What the exercise asks
Each line of the data below that contains "dưới" must be copied.

Extracted information
· · ·

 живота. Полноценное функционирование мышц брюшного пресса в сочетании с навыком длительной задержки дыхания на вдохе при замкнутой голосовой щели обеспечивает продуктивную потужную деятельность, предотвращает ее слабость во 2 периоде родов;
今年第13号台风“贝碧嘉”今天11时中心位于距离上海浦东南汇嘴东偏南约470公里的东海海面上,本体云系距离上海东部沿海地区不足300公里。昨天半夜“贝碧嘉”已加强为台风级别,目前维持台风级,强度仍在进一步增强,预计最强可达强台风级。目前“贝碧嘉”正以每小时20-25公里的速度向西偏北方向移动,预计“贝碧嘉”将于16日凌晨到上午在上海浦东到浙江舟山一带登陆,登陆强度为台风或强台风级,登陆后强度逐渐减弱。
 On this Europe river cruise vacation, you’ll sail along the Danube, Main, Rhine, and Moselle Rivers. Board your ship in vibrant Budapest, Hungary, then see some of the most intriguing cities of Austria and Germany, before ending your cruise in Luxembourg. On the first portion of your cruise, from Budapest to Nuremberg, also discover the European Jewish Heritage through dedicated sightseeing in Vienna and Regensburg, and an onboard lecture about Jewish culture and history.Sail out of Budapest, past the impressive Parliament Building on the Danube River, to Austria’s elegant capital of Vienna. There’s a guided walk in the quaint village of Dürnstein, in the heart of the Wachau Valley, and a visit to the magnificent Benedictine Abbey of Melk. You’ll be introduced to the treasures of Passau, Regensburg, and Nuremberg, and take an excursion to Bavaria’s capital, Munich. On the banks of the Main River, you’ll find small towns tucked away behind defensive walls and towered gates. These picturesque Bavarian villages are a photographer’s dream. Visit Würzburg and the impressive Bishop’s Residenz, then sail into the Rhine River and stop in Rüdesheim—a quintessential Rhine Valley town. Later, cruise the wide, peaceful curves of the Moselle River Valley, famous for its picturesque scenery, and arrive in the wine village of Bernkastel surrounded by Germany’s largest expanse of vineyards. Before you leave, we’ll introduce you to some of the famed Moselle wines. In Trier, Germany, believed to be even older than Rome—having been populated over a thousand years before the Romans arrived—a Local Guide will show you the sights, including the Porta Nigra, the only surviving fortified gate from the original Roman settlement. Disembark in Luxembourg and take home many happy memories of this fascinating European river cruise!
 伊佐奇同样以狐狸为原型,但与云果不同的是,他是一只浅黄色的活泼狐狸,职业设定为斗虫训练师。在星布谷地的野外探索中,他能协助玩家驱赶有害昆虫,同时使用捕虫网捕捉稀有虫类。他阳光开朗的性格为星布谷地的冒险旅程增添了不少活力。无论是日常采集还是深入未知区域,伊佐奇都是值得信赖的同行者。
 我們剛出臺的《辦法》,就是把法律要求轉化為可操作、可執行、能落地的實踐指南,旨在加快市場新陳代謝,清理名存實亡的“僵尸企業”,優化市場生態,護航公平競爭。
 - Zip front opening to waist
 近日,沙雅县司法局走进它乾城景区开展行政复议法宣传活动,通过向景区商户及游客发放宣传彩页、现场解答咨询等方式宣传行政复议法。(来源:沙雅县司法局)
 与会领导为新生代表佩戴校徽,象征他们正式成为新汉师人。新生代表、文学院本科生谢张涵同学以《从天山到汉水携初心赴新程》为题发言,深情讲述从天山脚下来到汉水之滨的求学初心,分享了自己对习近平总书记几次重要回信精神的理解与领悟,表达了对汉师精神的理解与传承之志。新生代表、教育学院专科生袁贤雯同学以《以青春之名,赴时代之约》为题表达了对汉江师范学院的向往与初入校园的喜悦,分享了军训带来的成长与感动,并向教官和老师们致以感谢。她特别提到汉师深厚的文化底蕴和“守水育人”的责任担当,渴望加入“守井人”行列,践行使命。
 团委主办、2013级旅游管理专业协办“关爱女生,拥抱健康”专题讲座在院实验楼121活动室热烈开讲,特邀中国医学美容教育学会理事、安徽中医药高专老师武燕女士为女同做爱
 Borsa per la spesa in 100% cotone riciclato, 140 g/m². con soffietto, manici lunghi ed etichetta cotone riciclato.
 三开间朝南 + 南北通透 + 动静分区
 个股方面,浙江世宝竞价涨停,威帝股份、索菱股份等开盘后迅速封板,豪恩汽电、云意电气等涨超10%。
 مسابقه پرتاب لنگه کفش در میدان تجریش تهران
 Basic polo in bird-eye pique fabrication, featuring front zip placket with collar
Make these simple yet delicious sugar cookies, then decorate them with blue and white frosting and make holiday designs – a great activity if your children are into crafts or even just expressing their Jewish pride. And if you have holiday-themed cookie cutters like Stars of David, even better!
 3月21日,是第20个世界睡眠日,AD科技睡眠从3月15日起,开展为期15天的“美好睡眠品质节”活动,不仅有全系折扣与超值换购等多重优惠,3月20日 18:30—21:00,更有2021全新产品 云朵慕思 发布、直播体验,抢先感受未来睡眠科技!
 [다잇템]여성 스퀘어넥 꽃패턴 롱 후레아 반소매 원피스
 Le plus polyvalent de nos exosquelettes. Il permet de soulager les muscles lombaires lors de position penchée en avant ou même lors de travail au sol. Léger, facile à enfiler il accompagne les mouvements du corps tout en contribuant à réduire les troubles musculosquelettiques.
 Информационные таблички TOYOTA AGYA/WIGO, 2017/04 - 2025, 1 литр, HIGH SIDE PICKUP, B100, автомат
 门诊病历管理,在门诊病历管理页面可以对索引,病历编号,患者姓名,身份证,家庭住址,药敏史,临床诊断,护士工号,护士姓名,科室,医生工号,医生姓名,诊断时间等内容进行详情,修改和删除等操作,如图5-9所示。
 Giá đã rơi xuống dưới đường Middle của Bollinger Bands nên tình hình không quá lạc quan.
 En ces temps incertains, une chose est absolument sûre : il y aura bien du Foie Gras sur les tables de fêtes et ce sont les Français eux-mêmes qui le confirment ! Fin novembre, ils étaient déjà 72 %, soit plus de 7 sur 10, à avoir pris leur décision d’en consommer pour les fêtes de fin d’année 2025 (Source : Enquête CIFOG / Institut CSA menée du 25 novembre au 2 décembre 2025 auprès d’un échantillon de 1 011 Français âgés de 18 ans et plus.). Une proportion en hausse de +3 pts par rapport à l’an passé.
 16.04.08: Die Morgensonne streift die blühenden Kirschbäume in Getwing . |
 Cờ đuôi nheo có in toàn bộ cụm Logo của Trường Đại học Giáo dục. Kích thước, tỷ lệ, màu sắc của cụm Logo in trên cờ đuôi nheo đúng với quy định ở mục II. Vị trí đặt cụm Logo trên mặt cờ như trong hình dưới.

· · ·

Expected output
 Giá đã rơi xuống dưới đường Middle của Bollinger Bands nên tình hình không quá lạc quan.
 Cờ đuôi nheo có in toàn bộ cụm Logo của Trường Đại học Giáo dục. Kích thước, tỷ lệ, màu sắc của cụm Logo in trên cờ đuôi nheo đúng với quy định ở mục II. Vị trí đặt cụm Logo trên mặt cờ như trong hình dưới.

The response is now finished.